EXTRACTED RECORDS:
⟨

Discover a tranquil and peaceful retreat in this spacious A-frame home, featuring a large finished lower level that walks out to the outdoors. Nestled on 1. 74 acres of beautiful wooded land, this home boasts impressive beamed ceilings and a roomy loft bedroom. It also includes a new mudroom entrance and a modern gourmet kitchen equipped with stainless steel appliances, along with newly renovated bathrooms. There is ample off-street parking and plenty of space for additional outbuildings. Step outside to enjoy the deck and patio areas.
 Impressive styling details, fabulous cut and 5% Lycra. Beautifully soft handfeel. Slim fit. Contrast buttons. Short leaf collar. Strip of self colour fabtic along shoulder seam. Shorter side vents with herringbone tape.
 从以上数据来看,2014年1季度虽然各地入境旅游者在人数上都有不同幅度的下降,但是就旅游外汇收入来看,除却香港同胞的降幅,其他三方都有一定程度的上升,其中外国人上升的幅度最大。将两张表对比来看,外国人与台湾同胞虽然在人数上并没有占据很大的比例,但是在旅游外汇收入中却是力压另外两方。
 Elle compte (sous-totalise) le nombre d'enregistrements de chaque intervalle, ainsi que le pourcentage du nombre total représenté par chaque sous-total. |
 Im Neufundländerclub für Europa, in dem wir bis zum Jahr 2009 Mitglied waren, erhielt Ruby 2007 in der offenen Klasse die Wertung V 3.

⟩
⟨

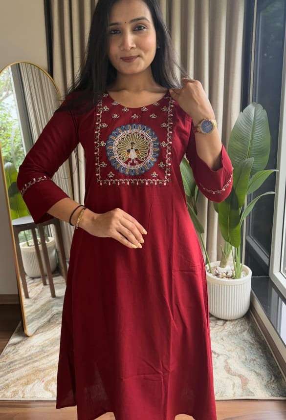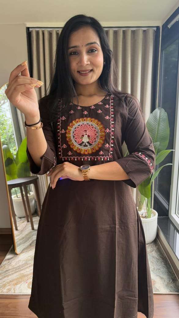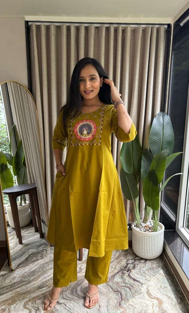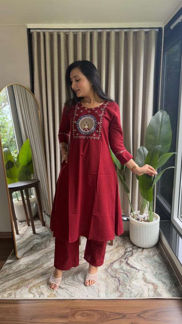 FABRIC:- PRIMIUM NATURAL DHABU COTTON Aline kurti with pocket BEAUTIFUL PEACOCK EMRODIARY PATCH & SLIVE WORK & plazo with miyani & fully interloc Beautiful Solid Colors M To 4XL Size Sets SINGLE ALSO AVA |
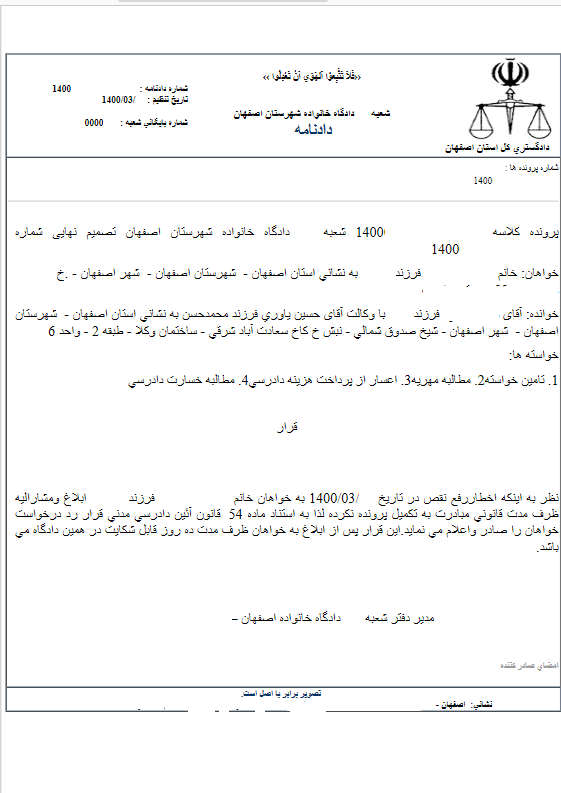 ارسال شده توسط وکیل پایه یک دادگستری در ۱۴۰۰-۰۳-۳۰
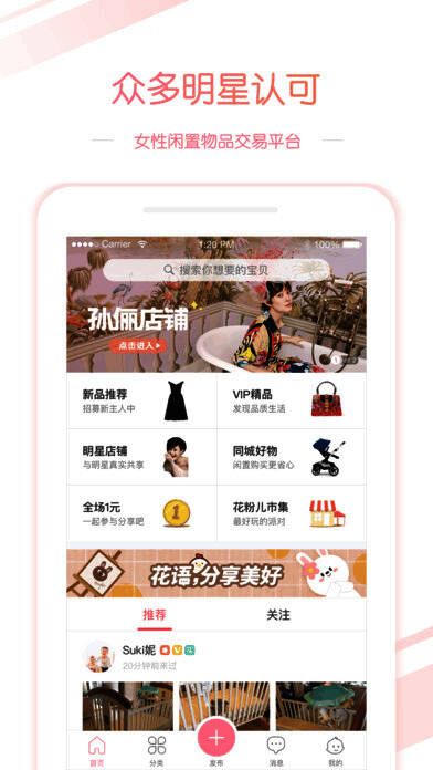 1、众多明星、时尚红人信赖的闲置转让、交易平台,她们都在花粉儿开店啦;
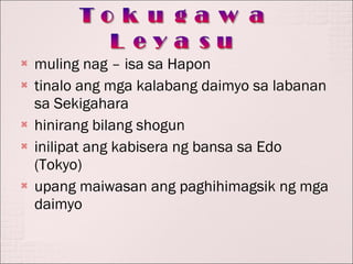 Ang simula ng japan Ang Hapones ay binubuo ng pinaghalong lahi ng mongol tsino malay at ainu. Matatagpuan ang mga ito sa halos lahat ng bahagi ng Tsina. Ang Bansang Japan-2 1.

⟩
⟨

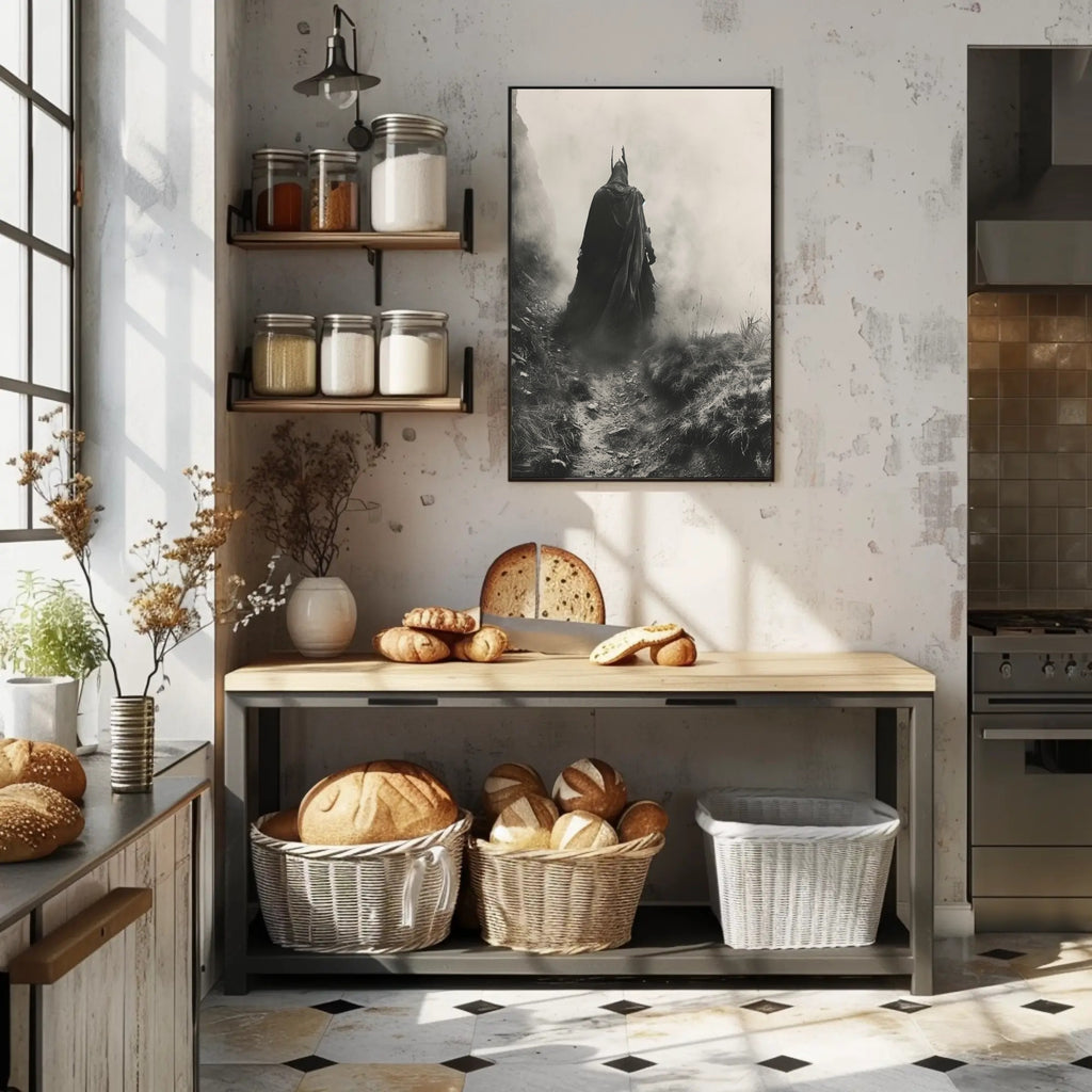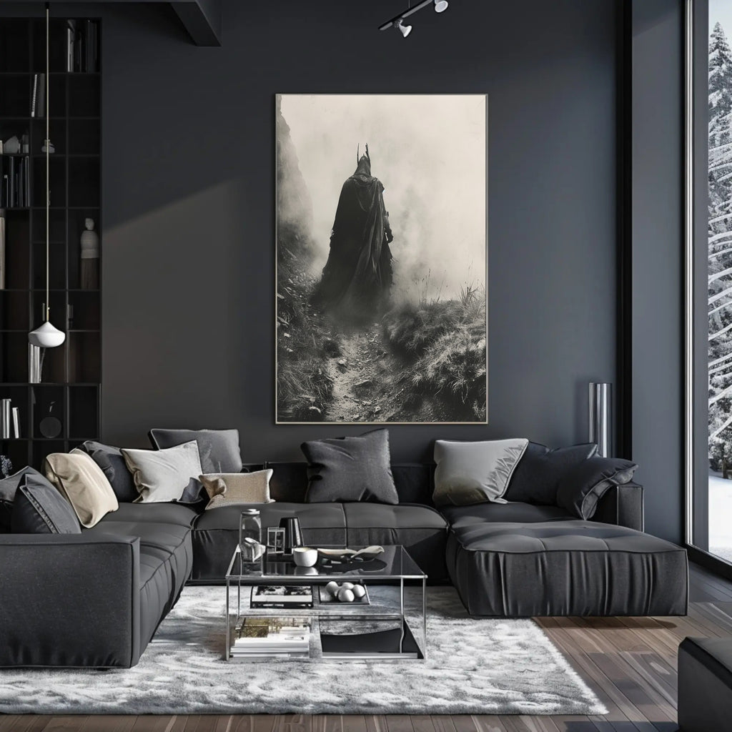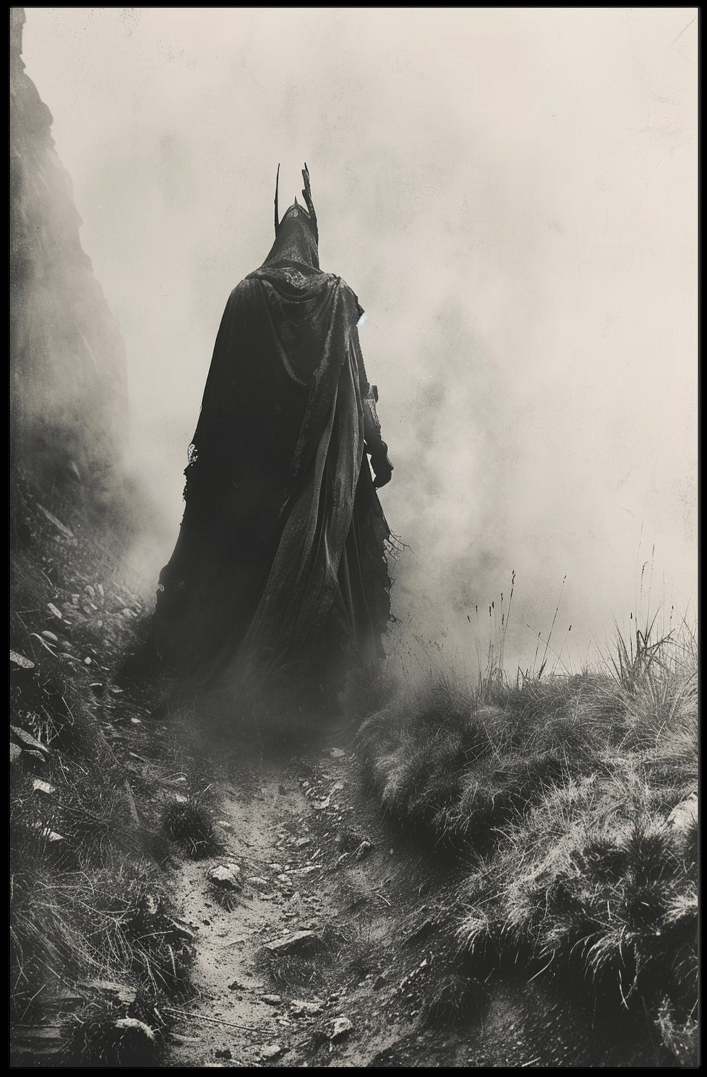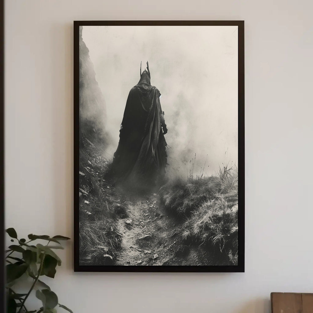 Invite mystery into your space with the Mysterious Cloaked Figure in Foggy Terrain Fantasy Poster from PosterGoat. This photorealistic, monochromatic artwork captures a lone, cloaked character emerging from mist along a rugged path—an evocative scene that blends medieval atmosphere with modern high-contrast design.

⟩

YOUR INSTRUCTIONS:
Nothing but the lines from the one containing "FABRIC:- PRIMIUM NATURAL" through the one containing "Ang simula ng" should appear, copied exactly from the material above and without pictures.

TASK OUTPUT:
 FABRIC:- PRIMIUM NATURAL DHABU COTTON Aline kurti with pocket BEAUTIFUL PEACOCK EMRODIARY PATCH & SLIVE WORK & plazo with miyani & fully interloc Beautiful Solid Colors M To 4XL Size Sets SINGLE ALSO AVA |
 ارسال شده توسط وکیل پایه یک دادگستری در ۱۴۰۰-۰۳-۳۰
 1、众多明星、时尚红人信赖的闲置转让、交易平台,她们都在花粉儿开店啦;
 Ang simula ng japan Ang Hapones ay binubuo ng pinaghalong lahi ng mongol tsino malay at ainu. Matatagpuan ang mga ito sa halos lahat ng bahagi ng Tsina. Ang Bansang Japan-2 1.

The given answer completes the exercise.